The Biden administration “broke the rules and gambled big,” and the Labour Party must do the same, said Danny Sriskandarajah, chief executive of the New Economics Foundation, a British think tank.

“If you want to move the needle on poverty, on inequality, on green investment or on crumbling public services, you have to find new money or redistribute it in much more ambitious ways,” he said.

But the Labour Party, led by Keir Starmer, has been wary of making big bets or appearing too ideological.

Instead of ideology, Labour promotes pragmatism. Ms Reeves, an economist by training, often refers to the six years she spent working at the Bank of England after college, during which she also worked at the British Embassy in Washington.

Ms. Reeves returned to Washington last year, where she met with officials including Ms. Yellen. In a speech there, she laid out her vision of how the world was changing but Britain was falling behind.

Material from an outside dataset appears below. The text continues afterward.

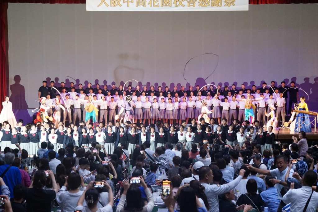 来年度から新校舎(大阪市東成区中本東)に移転するため、花園校舎での最後のイベント。在校生、卒業生、オモニ・アボジ・ハルモニ・ハラボジ、地域同胞、日本人支援者などで会場は満杯。 オープニングは歌とダンス。校長先生のあいさつ、中3・高3生の語りと歌があり、中高教員の合唱と続く。そして、乾杯のときにサプライズゲストが登場。ラグビー日本代表で活躍している李承信(リスンシン)さんだ。ひときわ大きな歓声が上がる。そして大阪朝鮮学校出身者の金剛山歌劇団員による公演。70年の学校をめぐる歴史が映像で紹介され、その時々の詩を朗読。最後に、全生徒がステージに登壇し校歌を大合唱。

“Globalization as we once knew it is dead,” he said in a speech. In its place, a “new multilateralism” is emerging, with partnerships between nations with shared values ​​and interests.

Ms. Reeves's denunciation of globalization is inspired by Mr. Rodrik, who has argued that the era of “hyperglobalization” is over and that, instead, a new economic order must prioritize national social, economic and environmental goals. This could lead to a new “thinner” globalization, in which government focuses on creating productive jobs.

For some economists, there is a risk that this type of policy, which emphasizes security and relaunches industrial policies, could degenerate and result in rampant protectionism.

Mr Rodrik said this could be avoided if only a small number of critical technologies were protected and, as the Biden administration has said, the rules are not intended to weaken China economically.

“I see no problem if Britain also chooses to follow these principles,” Mr Rodrik said in an email exchange.

And Ms. Reeves seems intent on following the path taken by the United States.

“A new Washington consensus is taking shape,” Ms. Reeves said in a speech in March. “I think it’s in our interest to embrace that consensus,” which will depend on having a more active state, she said.